▶ About this task: Repeat the records below exactly from the line containing "全金種に対応できる余裕の「中型ドローア」タイプ(TE-5000-M)" to the line containing "Atendimentos domiciliares no recesso escolar", taking in both of those lines. Drop the pictures.

▶ Data extracts:
▼
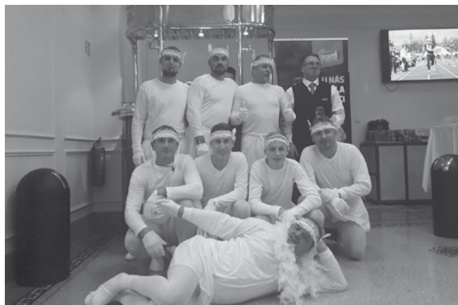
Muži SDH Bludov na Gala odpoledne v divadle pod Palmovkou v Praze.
▲
▼
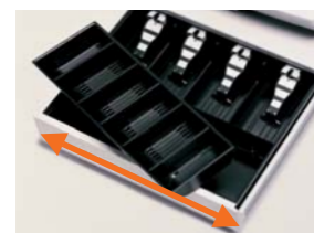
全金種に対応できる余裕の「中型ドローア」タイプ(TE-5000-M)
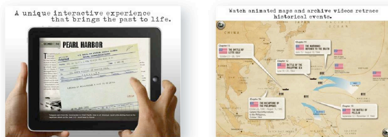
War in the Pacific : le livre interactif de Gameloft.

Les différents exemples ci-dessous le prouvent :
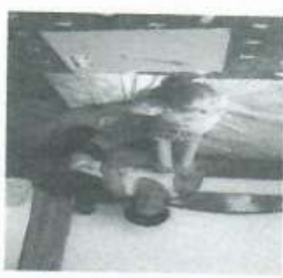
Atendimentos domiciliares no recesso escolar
▲
▶ Written answer:
全金種に対応できる余裕の「中型ドローア」タイプ(TE-5000-M)
War in the Pacific : le livre interactif de Gameloft.

Les différents exemples ci-dessous le prouvent :
Atendimentos domiciliares no recesso escolar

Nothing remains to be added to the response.